Repeat exactly the lines running from the first line of the data to the line containing "New, sealed Real", both ends included, and nothing else; drop the pictures.

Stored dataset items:
━━━━

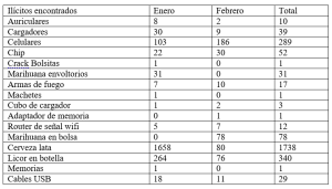 En materia de drogas, las autoridades reportaron el hallazgo de 31 envoltorios de marihuana en enero, 78 bolsas de marihuana en febrero y una bolsita de crack.
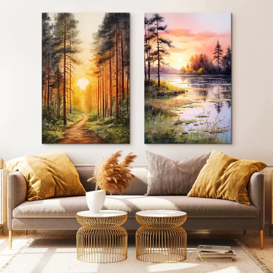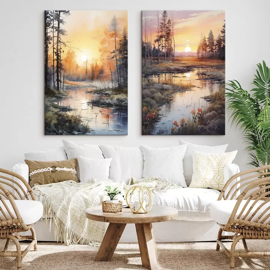 Miško akvarelė, rūkas ant ežero, saulėlydžio dangus, medžiai ir gėlės
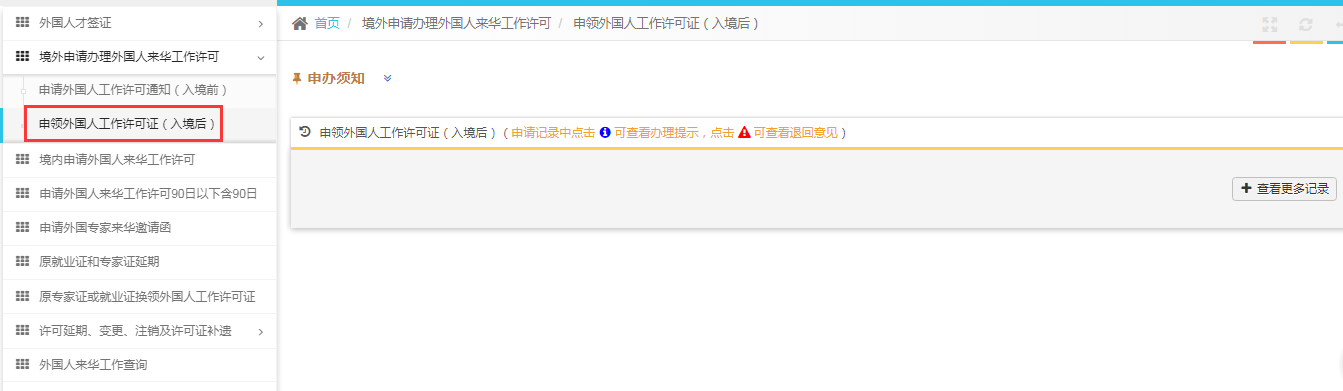 第二類為在2017年11月11日后新提交的許可通知申請,辦理工作許可證時需點擊“境外申請辦理外國人來華工作許可”模塊下的“申領(lǐng)外國人工作許可證(入境后)”找到許可通知的申請,補充上傳簽證信息并提交,如下圖。
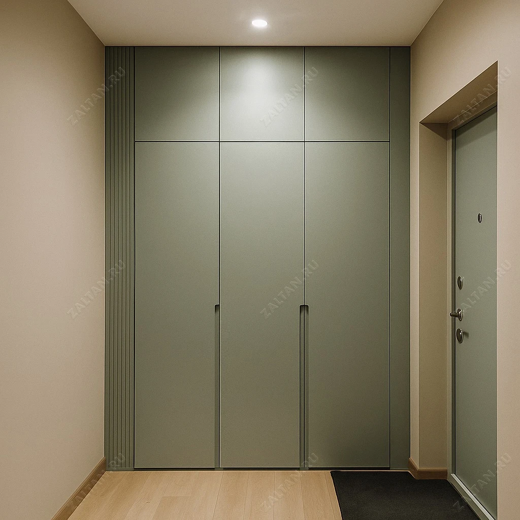 Элегантный встроенный шкаф под потолок для прихожей в матовом зелёном оттенке. Минималистичная фасадная линия с интегрированными ручками и вертикальной реечной панелью — решение для аккуратного и тихого интерьера.
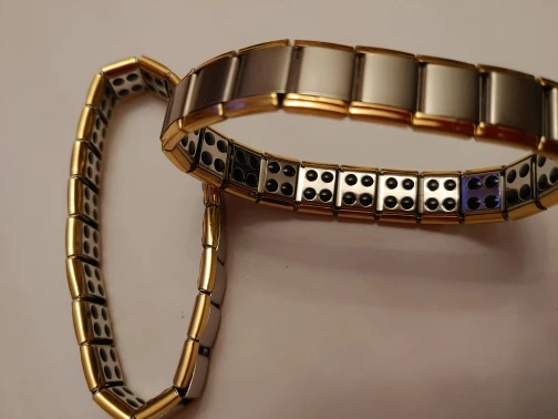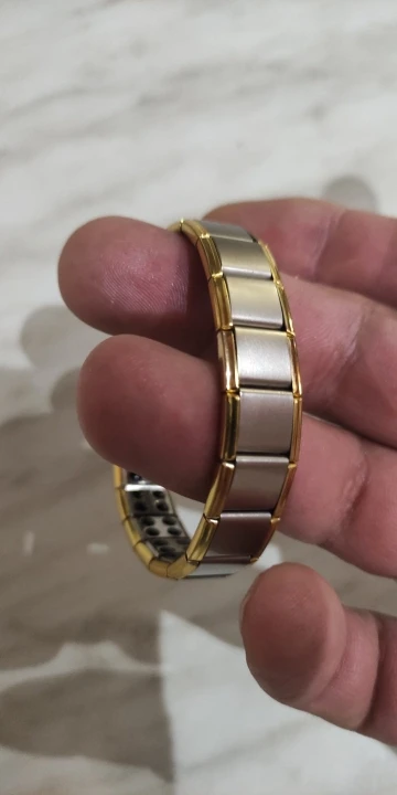 Браслет не является магнитным. На браслете нет ни одного магнита. Я попросил торговца изменить описание, чтобы не запускать других людей, таких как я, но он этого не сделал.
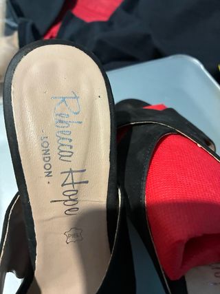 Elegantes sandalias de tacón alto de la marca Rebecca Hope London - Tacón gordo y cómodo - Detalle de lunares en tacones - Material exterior de ante.
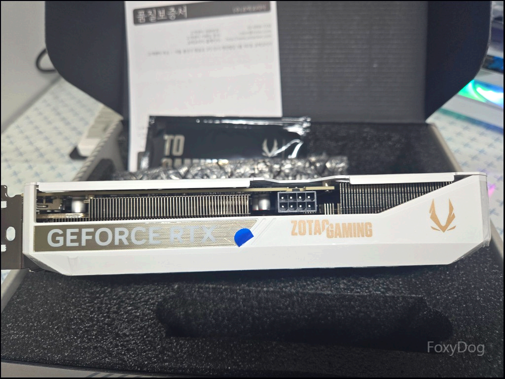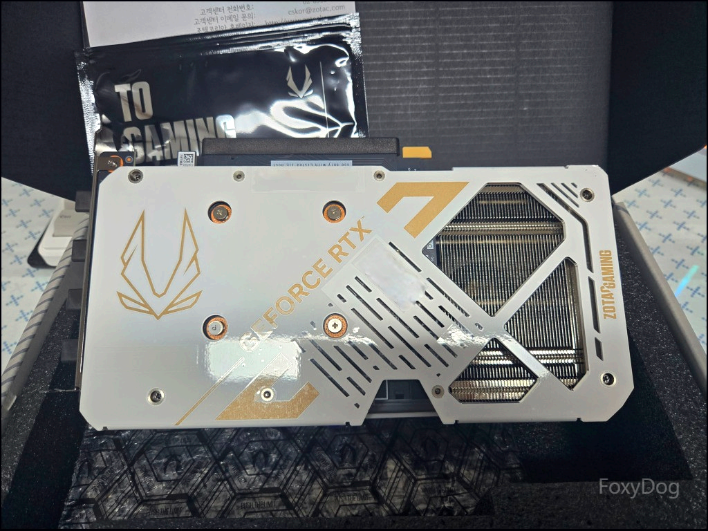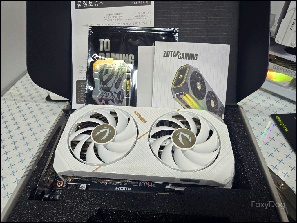 조텍코리아에서 유통하는 「RTX 5060 Ti Twin Edge OC White D7 16GB」 제품입니다. 이 회사 제품은 처음 구입해 보았는데, 첫인상이 상당히 좋았습니다. 조텍은 기본 보증이 3년이며, 구매 후 2주 이내에 자사 홈페이지에 제품 등록을 하면 추가로 2년이 더 연장된다고 합니다. 품질과 서비스 지원이 괜찮은 편인 데다, 가격도 타사 대비 합리적으로 형성되어 있어 인지도가 의외로 높습니다.
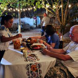 Am späteren Nachmittag geht es in ein Nachbardorf von Muna, nach Santa Elena. Dort treffen wir eine Maya-Familie, kochen und essen zusammen. Die Küche der heutigen Maya basiert auf traditionellenLäs mer
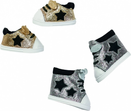 Fă fiecare pas al păpușii să strălucească cu adidașii la modă BABY BORN în nuanță aurie. Suprafața lucioasă cu glitter, detaliile contrastante și talpa moale asigură confort chiar și în timpul aventurilor de joacă prelungite. Un accesoriu grozav pentru toate micile stiliste care vor să ofere păpușilor lor stil, sclipire și originalitate.
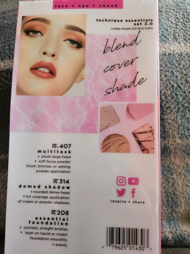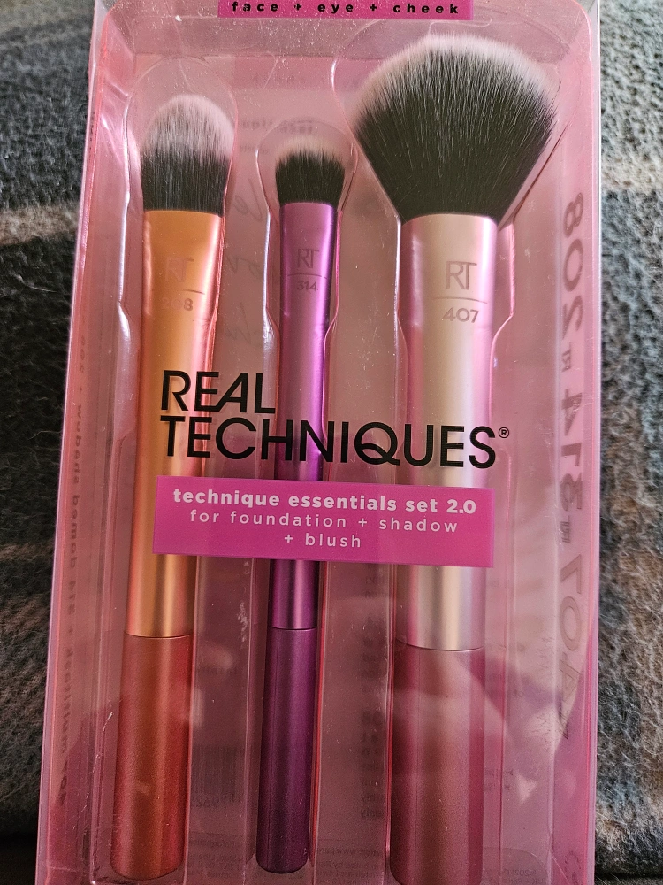 New, sealed Real Techniques brush set. Includes three brushes: multitask, domed shadow, and essential foundation. Perfect for foundation, blush, and shadow application.
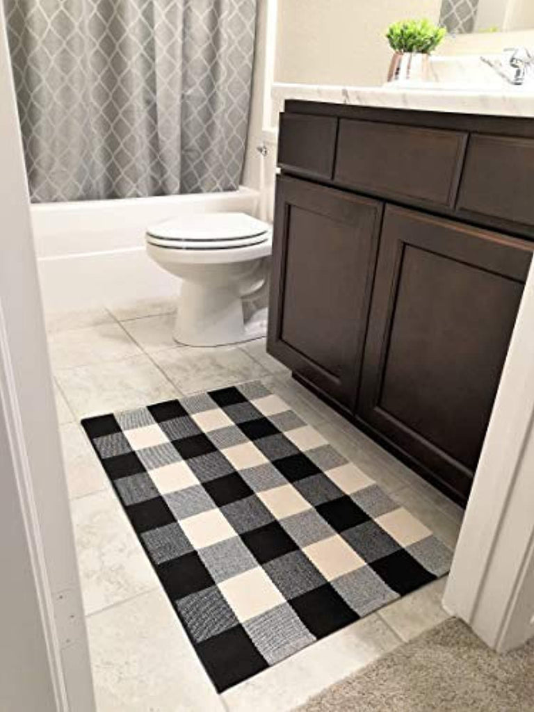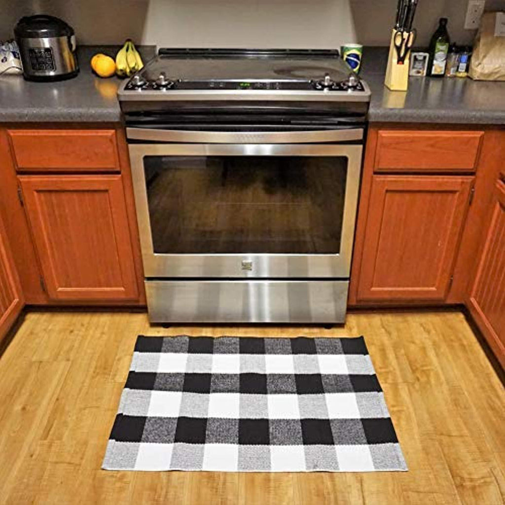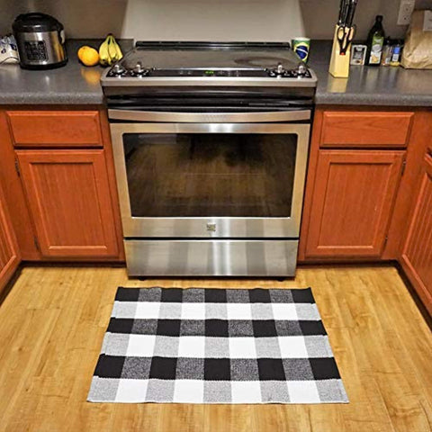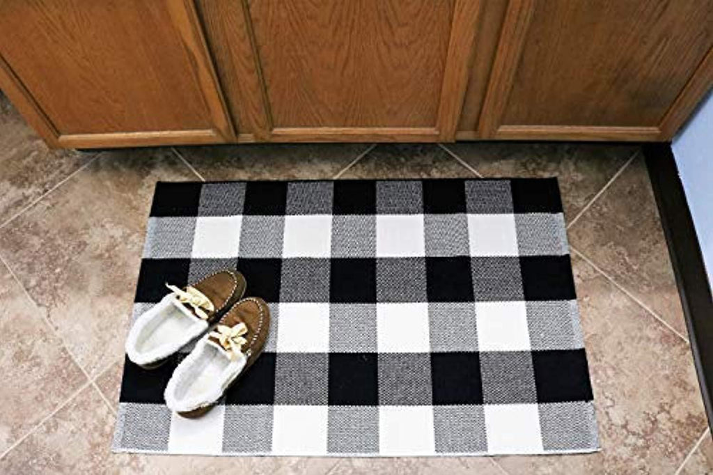 Cotton Buffalo Plaid Rugs Black and White Checkered Rug Welcome Door Mat (23.6"x35.4") Rug for Kitchen Carpet Bathroom Outdoor Porch Laundry Living Room Braided Throw Mat Washable Woven Buffalo Check

━━━━

Answer section:
 En materia de drogas, las autoridades reportaron el hallazgo de 31 envoltorios de marihuana en enero, 78 bolsas de marihuana en febrero y una bolsita de crack.
 Miško akvarelė, rūkas ant ežero, saulėlydžio dangus, medžiai ir gėlės
 第二類為在2017年11月11日后新提交的許可通知申請,辦理工作許可證時需點擊“境外申請辦理外國人來華工作許可”模塊下的“申領(lǐng)外國人工作許可證(入境后)”找到許可通知的申請,補充上傳簽證信息并提交,如下圖。
 Элегантный встроенный шкаф под потолок для прихожей в матовом зелёном оттенке. Минималистичная фасадная линия с интегрированными ручками и вертикальной реечной панелью — решение для аккуратного и тихого интерьера.
 Браслет не является магнитным. На браслете нет ни одного магнита. Я попросил торговца изменить описание, чтобы не запускать других людей, таких как я, но он этого не сделал.
 Elegantes sandalias de tacón alto de la marca Rebecca Hope London - Tacón gordo y cómodo - Detalle de lunares en tacones - Material exterior de ante.
 조텍코리아에서 유통하는 「RTX 5060 Ti Twin Edge OC White D7 16GB」 제품입니다. 이 회사 제품은 처음 구입해 보았는데, 첫인상이 상당히 좋았습니다. 조텍은 기본 보증이 3년이며, 구매 후 2주 이내에 자사 홈페이지에 제품 등록을 하면 추가로 2년이 더 연장된다고 합니다. 품질과 서비스 지원이 괜찮은 편인 데다, 가격도 타사 대비 합리적으로 형성되어 있어 인지도가 의외로 높습니다.
 Am späteren Nachmittag geht es in ein Nachbardorf von Muna, nach Santa Elena. Dort treffen wir eine Maya-Familie, kochen und essen zusammen. Die Küche der heutigen Maya basiert auf traditionellenLäs mer
 Fă fiecare pas al păpușii să strălucească cu adidașii la modă BABY BORN în nuanță aurie. Suprafața lucioasă cu glitter, detaliile contrastante și talpa moale asigură confort chiar și în timpul aventurilor de joacă prelungite. Un accesoriu grozav pentru toate micile stiliste care vor să ofere păpușilor lor stil, sclipire și originalitate.
 New, sealed Real Techniques brush set. Includes three brushes: multitask, domed shadow, and essential foundation. Perfect for foundation, blush, and shadow application.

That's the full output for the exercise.